2) How fast they move relative to the radius of the sphere. (You could for
example increase the radius of the sphere by the speed of the fastest
point every frame until the size of the sphere hit some magic limit,
and only *then* go and recompute it. If your points are *basically*
buzzing around in a small area then this could be a big win.)
3) Is there some incremental way to update the bounding sphere?
4) The number of points in the cluster.
5) (Critically) Do you want to run on older hardware without hardware
Transforms & Lighting. (If you *do* then doing work in the CPU to
save work in the CPU might make a lot of sense - but if you have
hardware doing the clipping, it may be easier to simply squirt the
points at the hardware and let T&L do the work.)

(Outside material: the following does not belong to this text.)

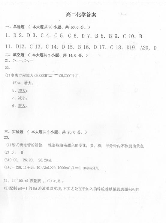 23.(14.0分)某学生欲用已知物质的量浓度的盐酸来测定未知物质的量浓度的氢氧化钠溶液时,选择甲基橙作指示剂,请填写下列空白: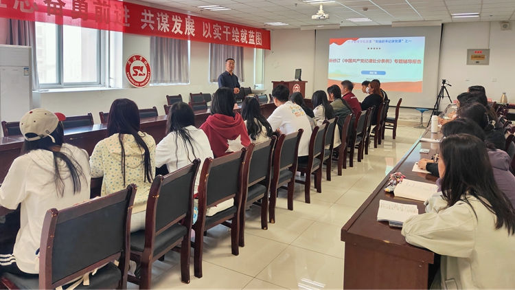 開展一項專題黨課培訓(xùn)。根據(jù)“三會一課”基本的組織生活制度,經(jīng)濟管理學(xué)院黨委在5月份開展“黨組織書記講黨紀學(xué)習(xí)教育主題黨課”活動,旨在進一步規(guī)范組織生活,加強對黨員和入黨積極分子進行黨性教育和黨紀黨規(guī)教育。5月9日,經(jīng)濟管理學(xué)院黨委“黨組織書記講黨課”活動第一課開講,院黨委書記高擴昌作《新修訂<中國共產(chǎn)黨紀律處分條例>專題輔導(dǎo)報告》。接下來,學(xué)院黨委7個支部書記將分別結(jié)合支部特點和工作實際,講一堂黨紀教育黨課,通過黨課,講認識、談體會、提措施,扎實推動黨紀學(xué)習(xí)入腦入心。

For line strips, you only need to find the six points with the largest
and smallest X, Y and Z coordinates - imagine a bounding cubeoid around
those limiting coordinates and then wrap your bounding sphere around
that. That makes the bsphere a bit too large - but it's pretty cheap
to compute.
> > You would think that an
> > intelligent implementation would check the end points of a line segment
> > first and not attempt to draw it if both were out of the clipping rectangle.
> > Anyone have an idea what OpenGL does?
Probably uses the Sutherland outcode test.
> The middle of the line strip could intersect the view volume even if
> niether end point was visible. Also, there's nothing that says a set
> of points have to be in a straight line, so it could wind in and out
> of the view volume several times.
The Sutherland algorithm gets around that efficiently.